> [Data records]
+===+
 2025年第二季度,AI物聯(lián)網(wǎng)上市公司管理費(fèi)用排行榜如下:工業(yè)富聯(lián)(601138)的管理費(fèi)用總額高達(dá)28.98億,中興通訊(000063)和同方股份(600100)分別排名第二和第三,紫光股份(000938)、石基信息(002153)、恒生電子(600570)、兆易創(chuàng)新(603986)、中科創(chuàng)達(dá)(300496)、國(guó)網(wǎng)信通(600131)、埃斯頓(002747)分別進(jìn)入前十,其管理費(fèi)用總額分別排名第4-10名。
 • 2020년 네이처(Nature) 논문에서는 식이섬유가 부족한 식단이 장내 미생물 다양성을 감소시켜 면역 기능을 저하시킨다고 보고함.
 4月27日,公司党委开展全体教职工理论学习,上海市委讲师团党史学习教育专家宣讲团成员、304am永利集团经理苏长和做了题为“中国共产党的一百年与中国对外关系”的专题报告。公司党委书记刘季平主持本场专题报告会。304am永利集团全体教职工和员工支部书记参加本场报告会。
+===+
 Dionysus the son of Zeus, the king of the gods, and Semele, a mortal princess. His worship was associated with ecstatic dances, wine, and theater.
+===+
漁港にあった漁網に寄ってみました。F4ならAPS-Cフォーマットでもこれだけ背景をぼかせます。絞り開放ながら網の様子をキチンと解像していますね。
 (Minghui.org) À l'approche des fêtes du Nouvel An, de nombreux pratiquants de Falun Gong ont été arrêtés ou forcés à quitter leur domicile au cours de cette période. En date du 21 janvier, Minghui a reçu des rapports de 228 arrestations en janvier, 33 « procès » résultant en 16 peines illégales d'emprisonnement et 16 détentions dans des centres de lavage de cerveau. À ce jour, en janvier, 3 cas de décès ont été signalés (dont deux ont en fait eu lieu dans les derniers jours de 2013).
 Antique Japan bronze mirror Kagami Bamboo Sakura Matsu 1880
+===+
> [Activity] Please give an exact copy of the entries above, from the line with "2025年第二季度,AI物聯" down to the line with "기능을 저하시킨다고 보고함.", inclusive, and nothing else.

> [Solution to the problem]
 2025年第二季度,AI物聯(lián)網(wǎng)上市公司管理費(fèi)用排行榜如下:工業(yè)富聯(lián)(601138)的管理費(fèi)用總額高達(dá)28.98億,中興通訊(000063)和同方股份(600100)分別排名第二和第三,紫光股份(000938)、石基信息(002153)、恒生電子(600570)、兆易創(chuàng)新(603986)、中科創(chuàng)達(dá)(300496)、國(guó)網(wǎng)信通(600131)、埃斯頓(002747)分別進(jìn)入前十,其管理費(fèi)用總額分別排名第4-10名。
 • 2020년 네이처(Nature) 논문에서는 식이섬유가 부족한 식단이 장내 미생물 다양성을 감소시켜 면역 기능을 저하시킨다고 보고함.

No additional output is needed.